Vegetables- Vegetables gardens need a regular supply of nutrients to produce well. Most commonly this is done by applying granular fertilizers like an 8-8-8 analysis. Usually at least 2 or 3 applications (in addition to the fertilization that is done at planting) will be needed during the growing season. For more information see the Florida Vegetable Gardening Guide here: http://edis.ifas.ufl.edu/VH021
Bananas- Bananas should be fertilized about every other month with a fertilizer that contains twice as much potassium (the third number in the fertilizer analysis) as it does nitrogen (the first number). Bananas are heavy feeders in general and usually should be fertilized every other month. Many banana plants in the area suffered damage in the early January cold wave and adequate fertilizer will supply nutrients that are needed to produce new growth and eventually fruit. More information on growing bananas can be found here: http://edis.ifas.ufl.edu/MG040
Lawn Fertilization- The ideal time to make the first application of fertilizer on lawns is about 2 weeks after the lawn begins to show signs of fast growth after the slow growth of the winter. The grass roots are then ready to efficiently pick up the fertilizer. A 15-0-15 or 15-2-15 is suggested. At least some of the nitrogen in the fertilizer should be in a slow release (water insoluble) form. This information will be shown on the fertilizer bag.
Azaleas- Azaleas can be pruned, if needed, once flowering has finished. If the mulch around them has mostly rotted away, apply more so that the mulch is about 2 to 3 inches thick. Although there are exceptions, azaleas as a group are not the most drought tolerant plants and mulching will help to hold moisture in the soil.

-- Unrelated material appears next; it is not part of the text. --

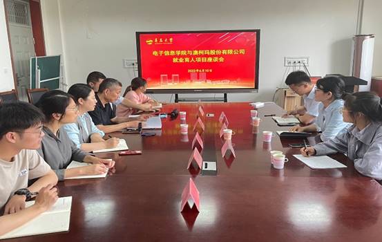 6月10日下午,Beat365中文官方网站与澳柯玛股份有限公司开展院企就业育人项目座谈会。澳柯玛股份有限公司外联部郑婷婷、Beat365中文官方网站党委副书记刘孝群、副院长宿杰以及各年级辅导员老师参加了座谈会。
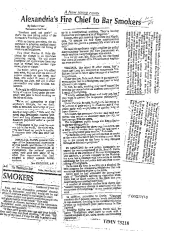 Copy; Illegible/Difficult to Read; Newspaper article reporting a ban on smoking for new recruits of Alexandria fire department. Discusses possibility of legal challenge to the ban by union officials. Explains role of Heart and Lung Act in decision to ban smoking. Includes recommendations of the Institute of Human Performance.

Palms- One of the most important parts of the care needed to keep palms healthy and attractive is proper fertilization. Research done by the University of Florida has established that an 8-2-12-4 analysis fertilizer is best for palms. The nitrogen, potassium and magnesium should be in a controlled release form. It should also contain the micronutrients iron (about 1.5-2%, 0.1-0.2% if in the chelated form), manganese (about 1.5-2%) and trace amounts of zinc, copper and boron. Some nurseries and other outlets in the area are carrying this fertilizer. The fertilizer should be broadcast evenly throughout the area under the canopy of the palm. Applying the fertilizer in this way is much more effective than using fertilizer spikes or punching holes in which to apply the fertilizer. If there is turf within 50 feet of palms it should be fertilized with the same palm fertilizer, not a high nitrogen turf fertilizer. High nitrogen, low potassium fertilizers can induce severe and sometimes fatal potassium and magnesium deficiencies if they are applied anywhere near palms.